Translation:He wants to buy a new refrigerator in a year.
Thank you for telling us that. Inconsistency is the word I use a lot with this course.
And sometimes finding the answer they want is like trying to shoot an arrow through one of the rings of Saturn, it is that level of probability.
Chinese is a beautiful language, and I love learning it, but there are times I just have to get up and walk off for a while because the paucity of English answers, and getting marked wrong when I know I have interpreted the Chinese correctly is so damn irritating.
Yet they seem to be AWOL. Other courses are far better maintained.
I used to be a teacher and I would feel like I was deliberately wanting my students to fail with a course like this one.
I cancelled my phone version's exercise at the very end just so that I could come across your comment on the tab version (having had known what the questions would be and how to answer them again quickly...till I reach your comment here) just to be able to see the year where you posted it, hoping it was long ago, hoping Duolingo had had enough time so as to improve inconsistencies and mistakes, so that at the time I am learning ((a year ago from your time ! )), I would be learning hopefully consistent Chinese and not a flawed Chinese, testified by a native speaker ! WUHUUU !!......
The Chinese and the English are both fine here.

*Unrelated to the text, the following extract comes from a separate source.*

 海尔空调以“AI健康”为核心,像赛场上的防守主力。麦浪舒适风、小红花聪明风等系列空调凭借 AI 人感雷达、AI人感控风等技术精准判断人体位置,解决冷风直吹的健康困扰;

And "in a year" is more natural than "in one year" (which sounds more like something an ESL speaker would say in this context).

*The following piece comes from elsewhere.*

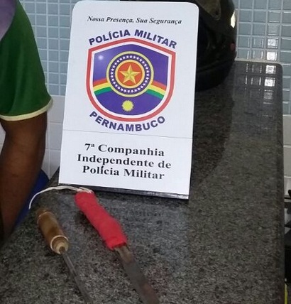 De acordo com informações da 7ª Companhia Independente de Polícia Militar (CIPM), o acusado, José Henrique Ramos – preso por furto -, estava com um chuço feito com uma parte de um ventilador e uma faca industrial.

"In one year" should be accepted as an alternative, but this exercise gives no cause to complain about the Chinese.
You're right about the first case. It could even be in the next couple of months, or it could be sometime later than that, as long as it's before 15 December of the next year. But in the second case you would be buying it around December 15 of the next year, or a bit later. It could be slightly before, because we don't usually mean to be so precise, but generally it means an entire year will have passed from the date of the statement.
"Next year" is "明年".
"In a year" means that a year's time will have passed. "Next year" is a little less precise, as it could mean a year's time will have passed, or it could mean "in the next calendar year", in which case how much time will have passed would depend on where we were in the current calendar year (or we could be talking about financial years, school years, etc.).
I know each of these characters and the sound(s) they may make, but I could not for the life of me understand what she was saying. I don't know if my brain is struggling to keep up with faster speech, but I feel like there was no enunciation between each character for the entire duration of 想一年后。